Input records —
-------------------------
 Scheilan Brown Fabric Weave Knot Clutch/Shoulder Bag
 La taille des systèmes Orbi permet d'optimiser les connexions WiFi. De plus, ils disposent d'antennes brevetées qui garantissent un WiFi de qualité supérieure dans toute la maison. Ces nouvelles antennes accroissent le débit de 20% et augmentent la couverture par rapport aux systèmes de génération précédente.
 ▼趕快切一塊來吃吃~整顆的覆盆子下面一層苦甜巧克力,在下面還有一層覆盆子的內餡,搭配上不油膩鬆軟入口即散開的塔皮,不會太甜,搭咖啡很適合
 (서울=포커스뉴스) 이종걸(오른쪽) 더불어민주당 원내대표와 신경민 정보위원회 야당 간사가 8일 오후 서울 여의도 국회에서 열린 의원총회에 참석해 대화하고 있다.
-------------------------
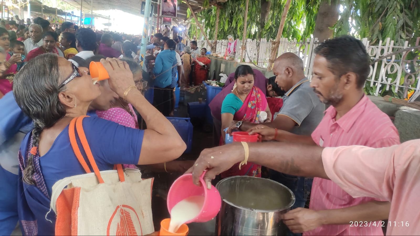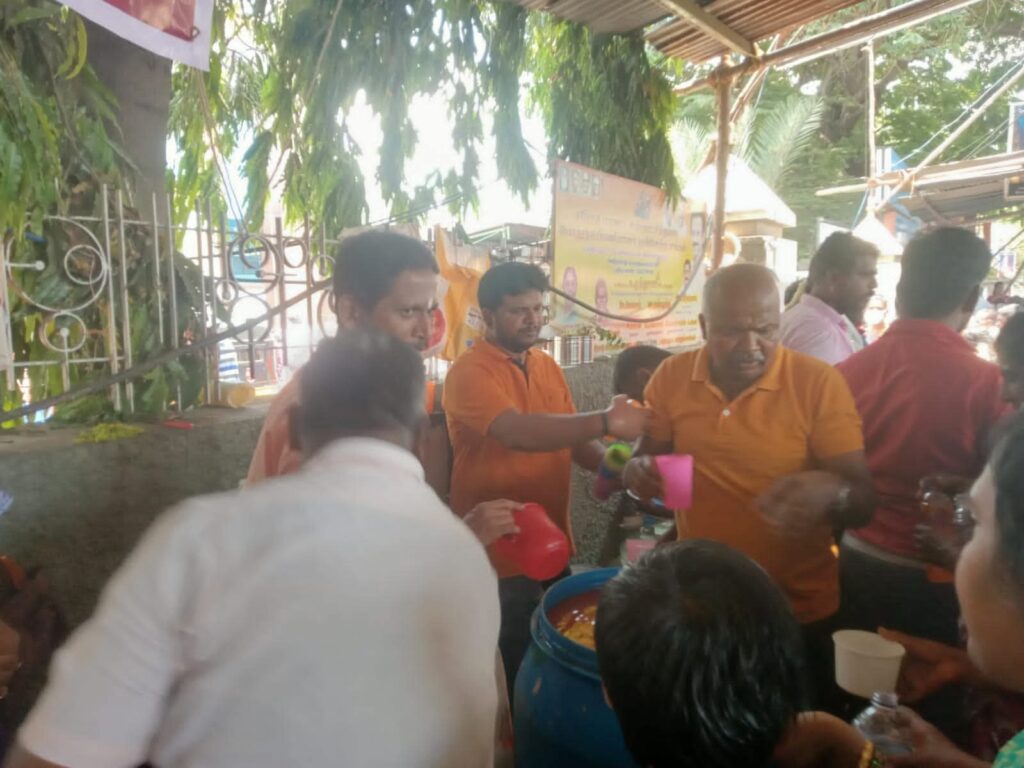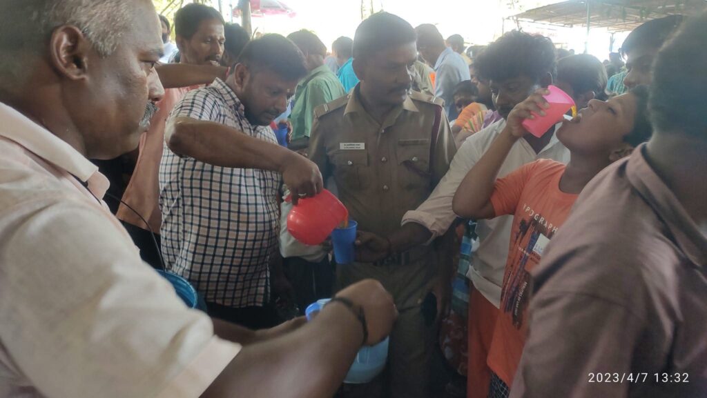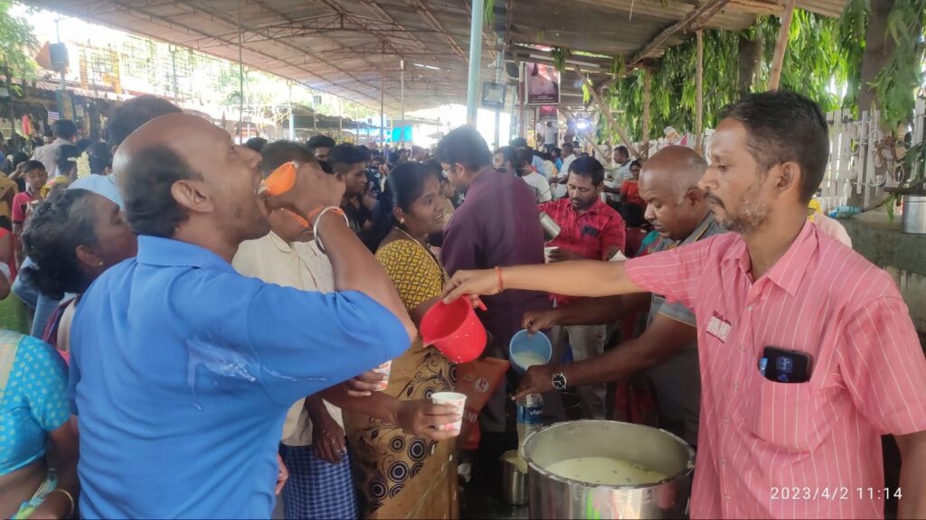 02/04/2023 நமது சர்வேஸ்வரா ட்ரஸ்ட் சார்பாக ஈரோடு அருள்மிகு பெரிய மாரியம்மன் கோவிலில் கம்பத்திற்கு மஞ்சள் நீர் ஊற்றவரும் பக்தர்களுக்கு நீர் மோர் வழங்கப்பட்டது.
-------------------------
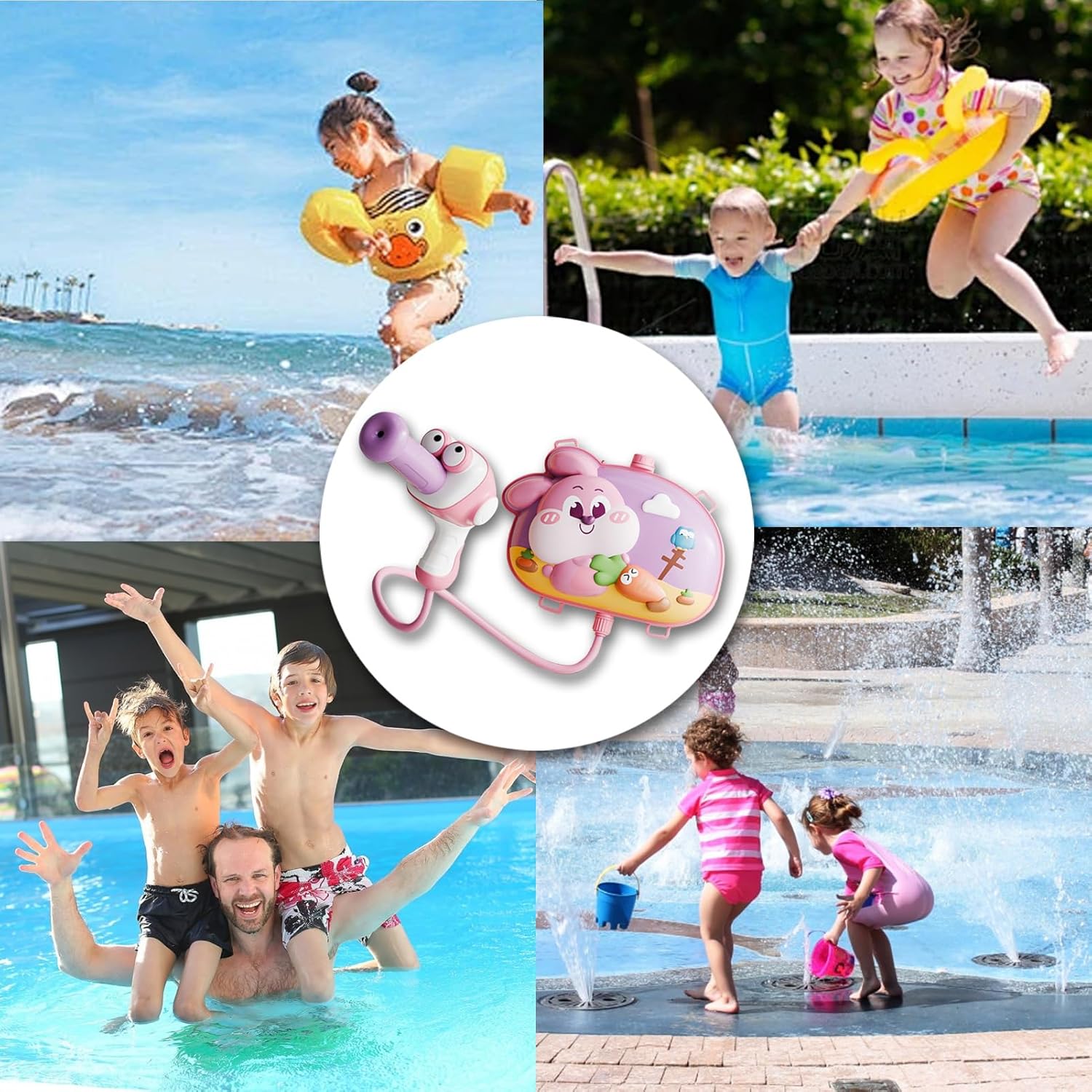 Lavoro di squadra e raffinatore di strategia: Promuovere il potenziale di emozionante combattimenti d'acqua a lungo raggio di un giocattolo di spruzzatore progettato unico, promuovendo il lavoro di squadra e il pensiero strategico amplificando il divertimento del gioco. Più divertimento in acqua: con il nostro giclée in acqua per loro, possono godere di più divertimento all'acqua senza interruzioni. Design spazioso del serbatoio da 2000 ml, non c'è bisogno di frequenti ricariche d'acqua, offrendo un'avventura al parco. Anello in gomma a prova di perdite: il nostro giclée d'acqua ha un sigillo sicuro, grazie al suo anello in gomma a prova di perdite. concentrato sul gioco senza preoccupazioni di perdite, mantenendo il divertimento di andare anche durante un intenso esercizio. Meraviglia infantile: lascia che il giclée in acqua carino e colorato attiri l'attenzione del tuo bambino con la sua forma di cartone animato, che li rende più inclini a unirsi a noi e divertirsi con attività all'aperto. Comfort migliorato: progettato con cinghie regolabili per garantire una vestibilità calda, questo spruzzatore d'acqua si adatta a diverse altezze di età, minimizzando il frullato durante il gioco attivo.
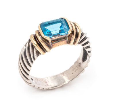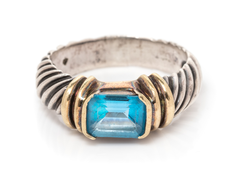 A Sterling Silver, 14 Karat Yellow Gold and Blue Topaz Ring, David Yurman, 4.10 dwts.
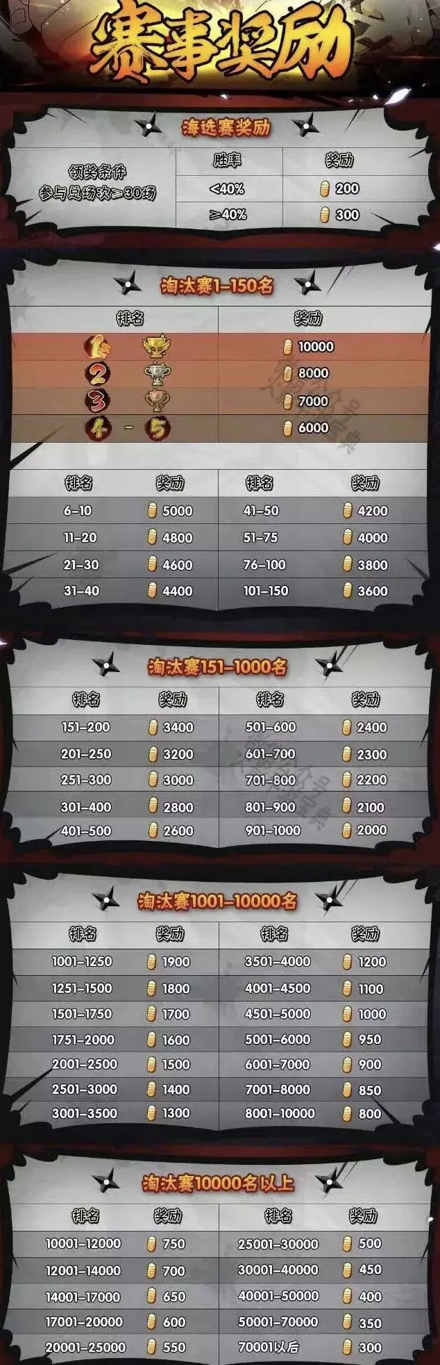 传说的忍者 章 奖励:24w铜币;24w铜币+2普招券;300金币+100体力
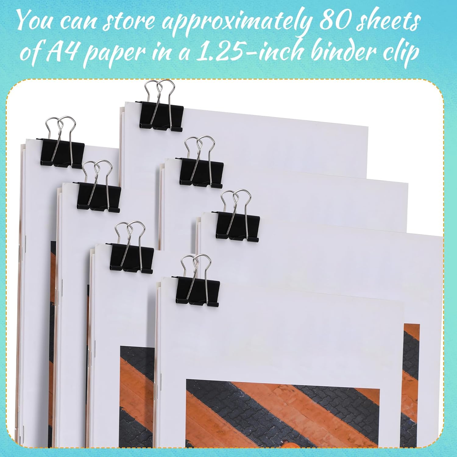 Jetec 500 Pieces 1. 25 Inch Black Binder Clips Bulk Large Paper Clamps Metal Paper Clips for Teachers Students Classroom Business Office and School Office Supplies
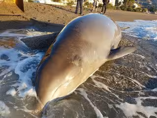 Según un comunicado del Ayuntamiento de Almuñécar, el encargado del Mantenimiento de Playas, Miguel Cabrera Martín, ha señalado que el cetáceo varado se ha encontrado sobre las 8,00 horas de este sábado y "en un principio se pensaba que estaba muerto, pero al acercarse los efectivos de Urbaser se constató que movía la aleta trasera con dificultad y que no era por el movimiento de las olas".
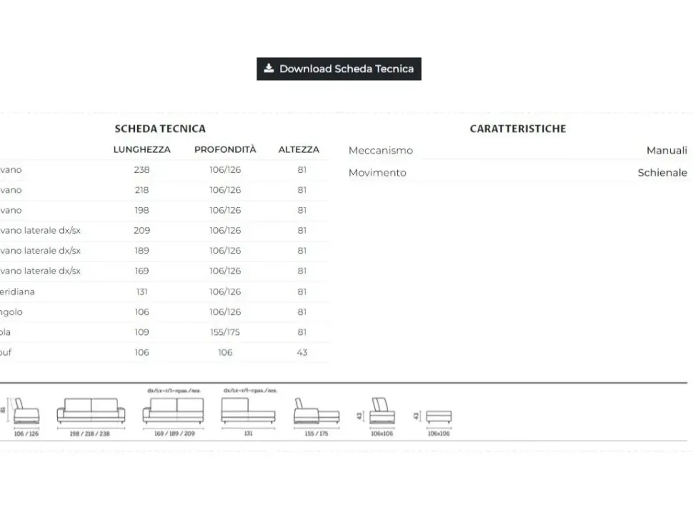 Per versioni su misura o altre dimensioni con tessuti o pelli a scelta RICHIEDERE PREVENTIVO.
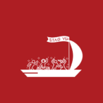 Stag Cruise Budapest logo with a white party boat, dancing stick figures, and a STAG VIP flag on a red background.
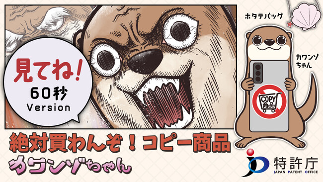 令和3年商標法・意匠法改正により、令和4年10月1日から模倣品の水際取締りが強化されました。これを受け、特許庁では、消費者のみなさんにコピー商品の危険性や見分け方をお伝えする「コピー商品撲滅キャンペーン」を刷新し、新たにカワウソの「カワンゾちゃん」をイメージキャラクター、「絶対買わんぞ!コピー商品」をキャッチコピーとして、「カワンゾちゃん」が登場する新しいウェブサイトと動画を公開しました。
-------------------------
Task description — Taking the entries above, write out exactly the lines starting with the line containing "Scheilan Brown Fabric" and going on through the line containing "(서울=포커스뉴스) 이종걸(오른쪽) 더불어민주당", both included, and nothing else.

Response for this exercise —
 Scheilan Brown Fabric Weave Knot Clutch/Shoulder Bag
 La taille des systèmes Orbi permet d'optimiser les connexions WiFi. De plus, ils disposent d'antennes brevetées qui garantissent un WiFi de qualité supérieure dans toute la maison. Ces nouvelles antennes accroissent le débit de 20% et augmentent la couverture par rapport aux systèmes de génération précédente.
 ▼趕快切一塊來吃吃~整顆的覆盆子下面一層苦甜巧克力,在下面還有一層覆盆子的內餡,搭配上不油膩鬆軟入口即散開的塔皮,不會太甜,搭咖啡很適合
 (서울=포커스뉴스) 이종걸(오른쪽) 더불어민주당 원내대표와 신경민 정보위원회 야당 간사가 8일 오후 서울 여의도 국회에서 열린 의원총회에 참석해 대화하고 있다.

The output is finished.